House price prediction using Neural Network- network not learning

437 Views Asked by At

I am using pybrain to predict house prices in the house price dataset. I downloaded the dataset from below link: https://www.kaggle.com/apratim87/housingdata/data

I picked 6 columns to predict the price 'bedrooms','bathrooms','sqft_living','sqft_lot','floors','zipcode'

I took a neural network with 6 input units,1 hidden layer with 3 neurons and 1 unit in the output.

I have normalized the data. Code is as below:

 house_df = pd.read_csv("kc_house_data.csv")
 print(house_df.head())
df = house_df.dropna(axis=0)
df = df[(df != 0).all(1)]
df.reset_index(drop=True,inplace=True)
X_org=house_df[['bedrooms','bathrooms','sqft_living','sqft_lot','floors','zipcode']]
y_org=house_df[['price']]


scaler = Normalizer().fit(X_org)
X = scaler.transform(X_org)
target_scaler = preprocessing.MinMaxScaler()
y=target_scaler.fit_transform(y_org)

ds=SupervisedDataSet(X.shape[1],y.shape[1])
for i in range(len(X)):
    ds.addSample(X.iloc[i,:].values,y.iloc[i,:].values)

train,rest=ds.splitWithProportion(0.60)
test,validation=rest.splitWithProportion(0.50)

print('Training Set Size='+str(len(train)))
print('Test Set Size='+str(len(test)))
print('Validation Set Size='+str(len(validation)))

#creating a neural network
def buildNN(invar,hidden,out):
    net=buildNetwork(invar,hidden,out,hiddenclass=SigmoidLayer,outclass=SoftmaxLayer)
    trainer=BackpropTrainer(net,dataset=train,momentum=0.1,verbose=True,weightdecay=0.01)
    trn_err,val_err=trainer.trainUntilConvergence(dataset=train,maxEpochs=50)
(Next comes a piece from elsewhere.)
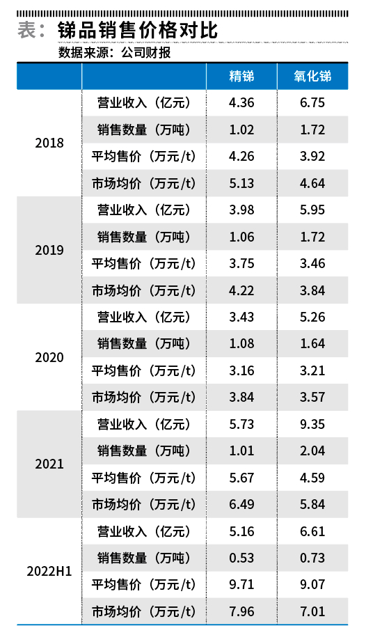 湖南黄金虽名为黄金,但是锑品的毛利甚至超过黄金:2022年上半年黄金业务毛利3.64亿元,而锑品业务毛利4.50亿元。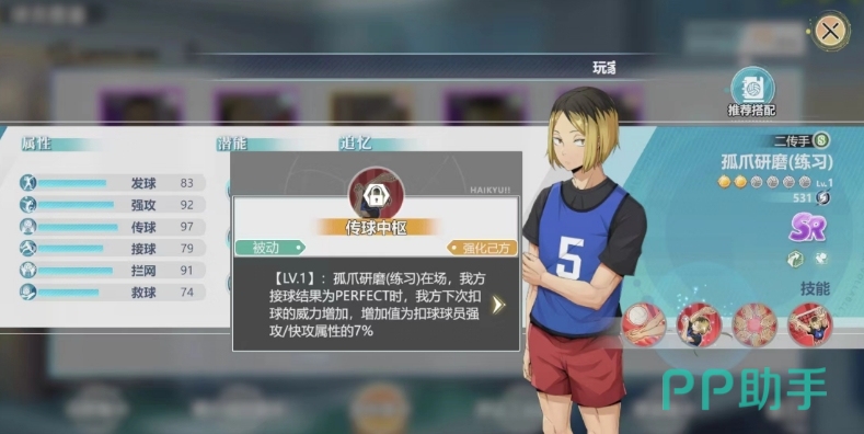 其次孤爪研磨的传球中枢技能也是一大亮点,这个技能就是他的一个核心技能,当孤爪研磨在场且己方接球结果为完美判定时,己方阵容下次扣球的威力将会增加,这一技能不仅能够提升球队的进攻能力,还能让队伍成员达成高质量的接球,从而直接转化为更强大的进攻,因此在比赛中,玩家可以在接球环节力求完美,提升整队的得分数值。

    #trainer.trainOnDataset(trndata,500)
    tst,=plt.plot(trn_err,'b',label='Test Error')
    vali,=plt.plot(val_err,'r',label='Validation Error')
    plt.legend(handles=[tst, vali])
    plt.ylabel('Error')
    plt.xlabel('Number of Epochs')
    plt.show()
     #testing it on test data
     out=net.activateOnDataset(test).argmax(axis=1)
    test_error=percentError(out,test['price'])
    #on validation data
    out=net.activateOnDataset(validation).argmax(axis=1)
    vali_error=percentError(out,validation['price'])
    return  test_error,vali_error

print('Neaural network with 6 input, 3 hidden units, 1 output')
nn3_testerr,nn3_valierr=buildNN(6,3,1)

I get constant error and my program is not learning. Can you please suggest what might be the issue?

Total error: 0.441892335278 Total error: 0.441892335278 Total error: 0.441892335278 Total error: 0.441892335278 Total error: 0.441892335278 Total error: 0.441892335278 Total error: 0.441892335278 Total error: 0.441892335278 Total error: 0.441892335278 Total error: 0.441892335278 Total error: 0.441892335278 Total error: 0.441892335278 Total error: 0.441892335278

2

There are 2 best solutions below

0
On

Ideally, you need to have two dense layers and a higher number of neurons per each layer. Another important point to note is mean normalization of your feature matrix. Instead of Sigmoid, Try Relu or Elu as the activation function.

0
On

there are lots of ways to improve NN performance

1) tweak the geometry (add layers, change layer size)

2) change the activation function

3) change step size/momentum

4) play around with data preprocessing

you should try all of these, and various combinations of all of these. From a quick glance, a single layer, with only three neurons won't be very rugged, so start there.

Can you get this network to converge on a simple example like xor?